Part Two: Choosing the right angels, the pitfalls of poor choices, setting expectations and controls
Taking other peoples money: for many entrepreneurs taking funding is akin to doing a deal with the devil. The motivation for many of us is freedom and when you take money from an investor you essentially become an employee of your own business – beware! This is a big step for many and it’s essential that you are prepared to take this step mentally, don’t rush into getting money and then regret it later
There is no point in building a business with other people’s money if you are not fully prepared to share the power and rewards. If that’s not you then stick to friends and family plus bank funding
Choosing the right angels: angels are not heaven sent, they are ordinary people with the same problems and issues. When you take their money it’s like getting ‘married’, you are going to have to spend three to five years together if successful and they will generally want a say in what you do and how you run your business.
You will also have a legal ‘fiduciary’ duty to all shareholders and need to consider their views in your decision making. Their views are not always the best for the business or you!
Types of angels: in my experience angels tend to come in four types:
- The ideal angel
- The know it all fiddler
- The buying a job type
- The passive investor
The ideal angels will have domain experience in your business sector, will have a strong ‘network’ of contacts that could help you, they will have the ability to coach and assist when you need them and leave you alone to run the business the rest of the time. The best ones will fill gaps in your knowledge and team, will use their abilities to ‘leverage’ their investment and will add significant value outside their investment
Beware the ‘fiddlers’. These are those types that think they know better and can cause you immense pain as they try to run your business from the outside, often making demands that are entirely ego driven or based on their own needs and not yours or those of the business. These people should be avoided at all costs, even if you are desperate for the money, find another way!
The other types of investors that you need to be wary of are those trying to ‘buy a job’, they can often be most useful but there are those that will invest on the basis of a non-executive contract or other payment. In the early stages of a business this can be a drain and sometimes this a cynical way to get free shares as they are essentially paying themselves back out of their investment ending up with shares and their money back
Finally, passive investors make a decision give you the money and leave well alone. These are also very valuable if rarer types for the experienced entrepreneur but don’t really bring much to the table for the start-up or those new to running a business
Match making: just as in any relationship, getting the right long term chemistry is essential.
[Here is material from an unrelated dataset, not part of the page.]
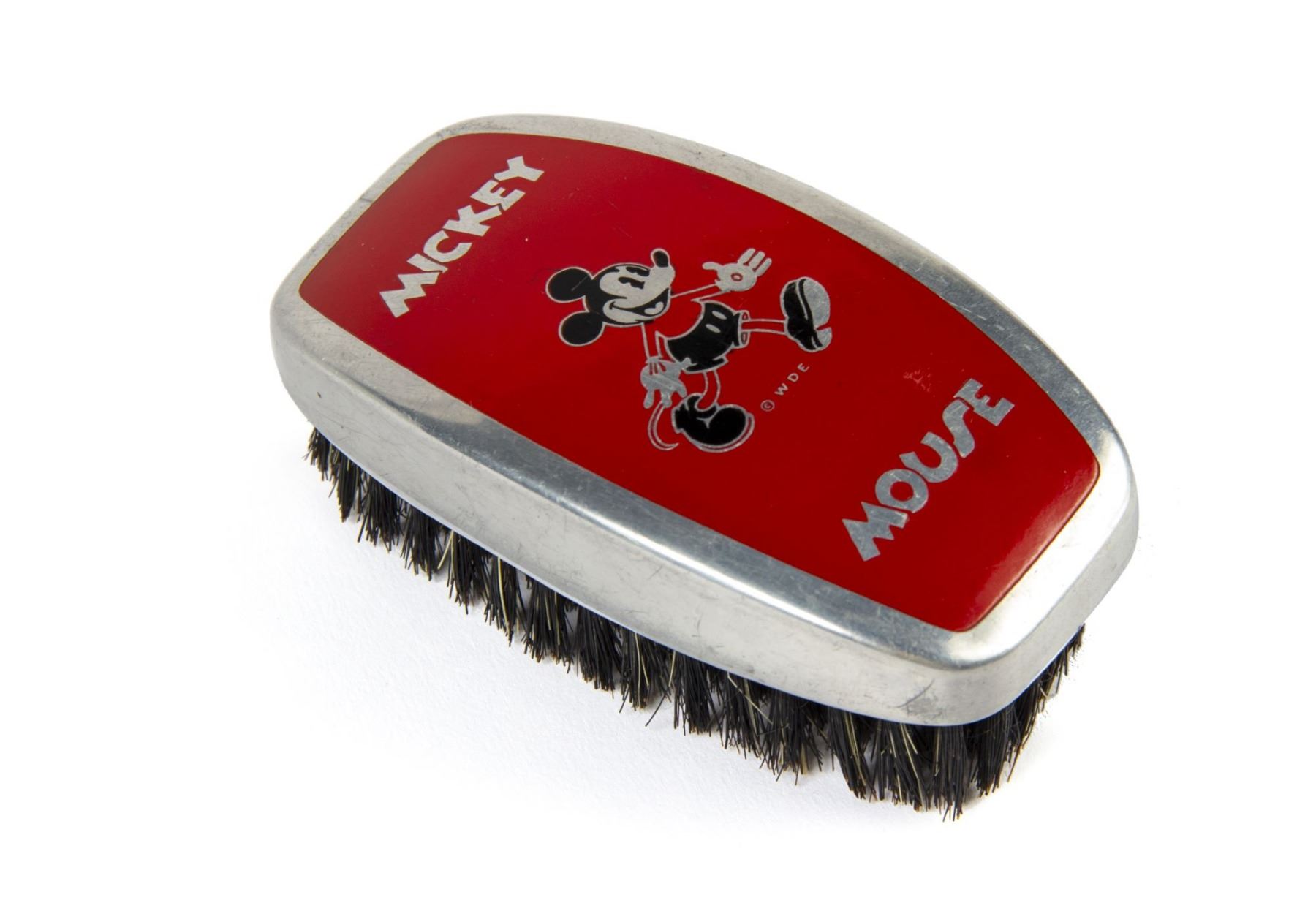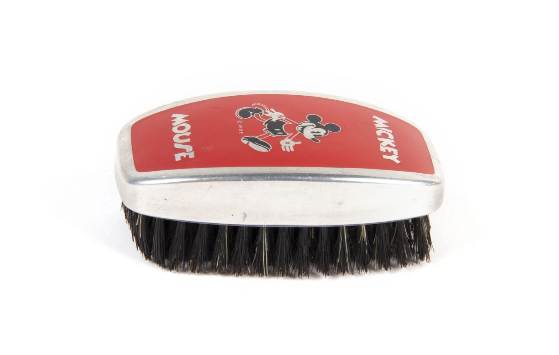 (Henry L. Hughes Co, 1930s) A tin and wood Mickey Mouse shoe brush with a wonderful vintage depiction of Mickey on the top and a Walt Disney Enterprises copyright mark. Measuring 4" long, the shoe brush is in very good condition with some small areas of wear to the wood from use and age.

You should do as much due diligence on your investors as they do on you. Don’t be afraid to get their CV and references, call up other companies they have invested in and check them out. Also, spend time with them if they are going to be active investors – get to know them well and work out if you can work together for the long term, if you are not comfortable with them don’t take their money or expect
a ton of pain. Disputes with investors can be fatal so invest the time to get it right
Mix and match: long term planning is also essential with raising funds, if you feel that you will need several rounds of investment as is usually the case, then you need to ensure that all the parties will mix during the lifetime of your business. For example, if you intend to get VC funding, they will be happy to see a small group of angels as seed funding partners but they don’t like business with lots of investors and complex legal arrangements. VCs also don’t like third party fund raisers
in deals with warrants and different classes of shares. Don’t forget that if you intend to get more angels that all these people need to work together too
Setting expectations: on the basis of the previous points, it is essential that you agree with your investors what they bring to the team, what they expect in return and how you will all work together. Get this in writing and stick to your vision of the business, don’t get bullied into running things in a counter productive fashion
Controls: in most small investments their will be a shareholders agreements, executive contracts and other legal paperwork. It is essential that these be put in place for all parties and that they cover as many major eventualities as possible i.e. the sale of shares, death of the founder etc. As an entrepreneur it is also important that you get these controls carefully checked and limited, many investors will try to tie you up will legal paperwork – resist those clauses that involve your day to day running of the business or you will find that you will have to get ‘permission’ to make decisions and this could be fatal in today’s ‘now’ world along with very damaging to morale.